All the while, there is not a shred of evidence that any of this has achieved anything other than division and messed-up lives. Since the Immigration Act 2014 came into force, voluntary returns have actually gone down. Evidence that the Home Affairs Committee received suggests that the hostile environment sometimes actually makes it harder, rather than easier, to enforce immigration rules, because it drives folk into the black private rented market and the black employment market.

There has been some talk today about illegal migrants, as if they are one body of very wicked and evil people whose removal we should celebrate, but they include husbands and wives unable to secure status because of the very strict immigration rules that I described. We heard today that the Home Office is trying to remove somebody who served in Afghanistan—an Afghan national who worked alongside our forces in that country. He is an illegal migrant, too. There are lots of people who came here as children who did not understand that they needed to regularise their status here, and could not even afford to do so. I will come back to that point in a moment.

Before we can go around talking about a hostile environment, we need a system that gets decisions right, that commands public confidence, that has appropriate oversight and systems of appeal, and that has a clear and simple way to determine who is here lawfully and who is not.

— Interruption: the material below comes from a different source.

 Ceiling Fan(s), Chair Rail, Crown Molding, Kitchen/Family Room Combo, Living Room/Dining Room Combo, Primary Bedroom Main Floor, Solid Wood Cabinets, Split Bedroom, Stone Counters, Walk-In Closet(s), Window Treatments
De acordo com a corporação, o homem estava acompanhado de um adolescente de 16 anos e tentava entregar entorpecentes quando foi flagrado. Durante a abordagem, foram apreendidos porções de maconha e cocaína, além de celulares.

None of that remotely exists at the moment, so the hostile environment must be reined in urgently. It is essential that MPs from across the House start standing up to the hostile environment and finally put the notorious net migration target out of its miserable existence.

The hon. Member for Worthing West (Sir Peter Bottomley) rightly asked what can be done. An early test for Parliament will be the Data Protection Bill and the Home Office’s attempt to help itself to a massive immigration exemption. There is absolutely no doubt that stripping people of their right to know what data the Home Office has about them, and to challenge inaccuracies, will create further burning injustices. As the hon. Member for Wolverhampton North East pointed out, we need to prevent a repeat of the Windrush fiasco.

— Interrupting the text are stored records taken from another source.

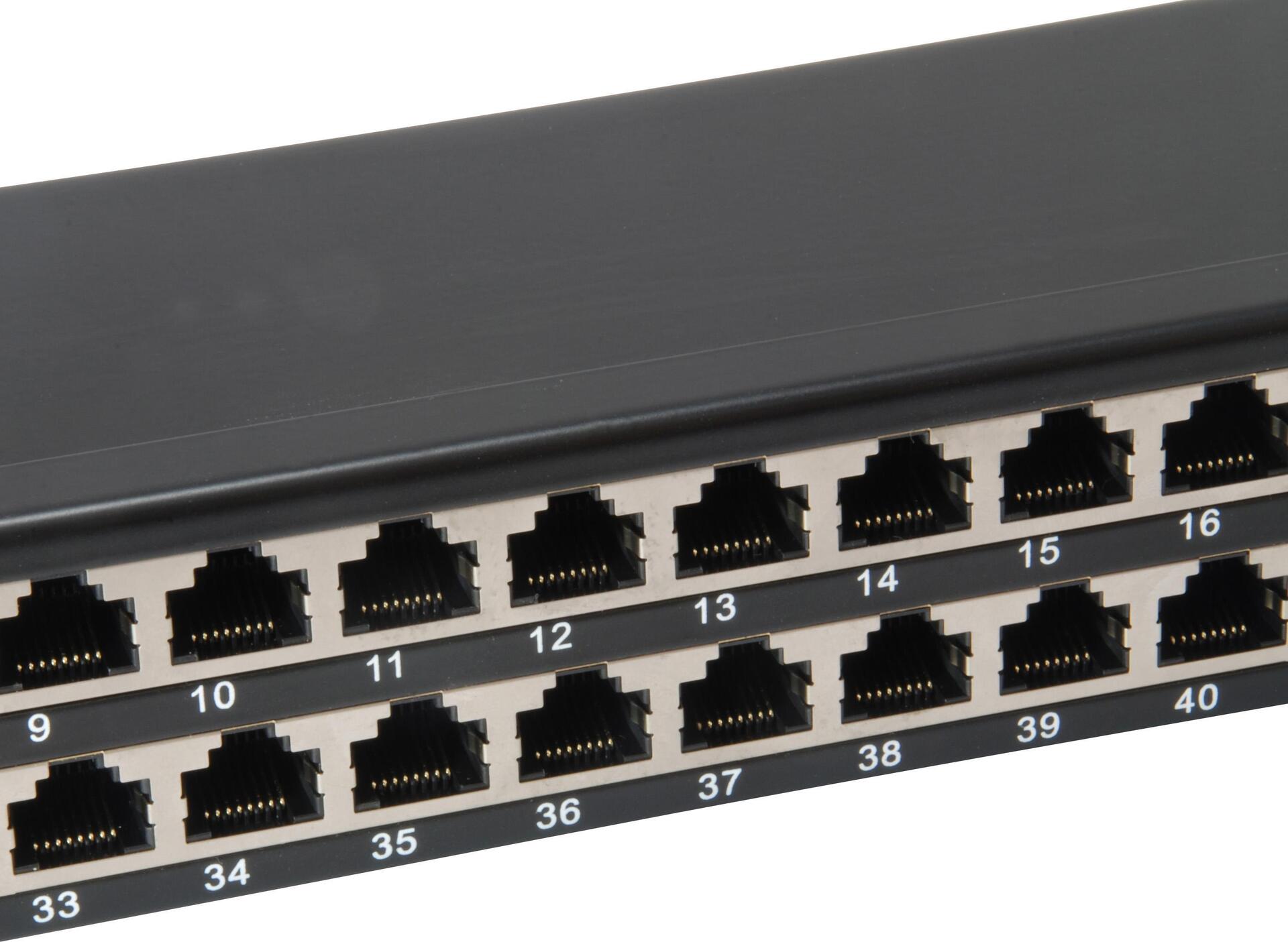 Das equip 48-Port Patch Panel ist ein 19 Zoll 1HE Netzverteiler, mit einem integrierten Kabelmanagementsystem für bessere Routing- und Zugentlastungsanforderungen. Auflegen lässt sich mit üblichen LSA- als auch mit 110-Standard Werkzeugen. Die hohe Anschlussdichte von 48-Ports spart Platz und sorgt für Ordnung im Netzwerkverteiler. Darüber hinaus wird empfohlen dieses geschirmte Patch-Panel zusammen mit den geschirmten equip Patchkabeln und Zubehör zu nutzen, um eine hervorragende Leistung zu erzielen. Außerdem verfügt jeder Port über einen Aufdruck der Port-Nummer, der die Identifizierung erleichtert.
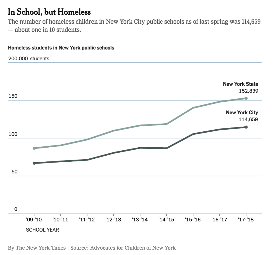 在過去八年內,無家可歸學齡孩童的數量急劇增加。去年春天的總計數量已經達到114,659人,比起2010年的69,244人整個大幅上升。目前紐約市公共學校的孩童人口大約為110萬人。也就是說,大約10%的紐約市公共學校學童是無家可歸的。
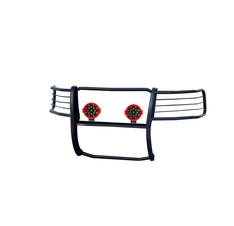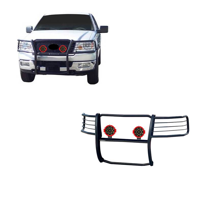 Grille Guard Kit Black Horse Off Road Grille Guard Kit Black Steel Modular Incl. pair of 7.0"Dia. LED Lights w/Red Trim Rings w/ Wiring Harness and Switch Excludes Heritage edition Black Horse Off-Road Modular Design Black Powder Coat Grille Guard Kit 17FP28MA-PLR Compatible with 2004-2008 Ford F-150 No-Drill/ Vehicle-Specific Application for Custom Fit'solid frame-mounted bolt-on, no drill installation / Welded 3-piece bolt-together construction 1 1/2 ?diameter 16ga. cold-rolled, mandrel-bent mild steel tubing

What work has been done to identify other groups—Commonwealth citizens or otherwise—who may be at risk? Let me suggest two things the Government can do. First, tens of thousands of children who were either born in the UK or have lived most of their lives here are undocumented. They are entitled by law to British citizenship if they register, but if they cannot register and become citizens, they face exactly the same issues as the Windrush generation. I cannot see how the Home Office can justify charging more than £1,000 for the privilege of registration. Those children are entitled to British citizenship, and they should not be charged to exercise their rights in this country, any more than the Windrush generation should. That must be put right immediately.

Most obviously and urgently, as my hon. Friend the Member for Edinburgh North and Leith (Deidre Brock) said, we must look after the 3 million and more EU nationals in the UK. The Government must urgently update us about their progress in establishing a system for seeking settled status. Regardless of how successful that system eventually proves to be, it is very hard to see how, at the end of the grace period, we can avoid there being tens of thousands—probably hundreds of thousands —of people who have not successfully navigated the system to secure a document proving their status. If that happens, it will be Windrush on an even more desperate scale.

Those are the immediate priorities. If Parliament is seriously angry about the hostile environment, it will get down to the business of a root-and-branch review of the Immigration Act 2014 and the Immigration Act 2016. We must indeed start putting in place a system that properly respects people, their human rights and the rule of law. The one we have now too often fails to do so. Windrush is an awful and extreme example, but it is far from the only one.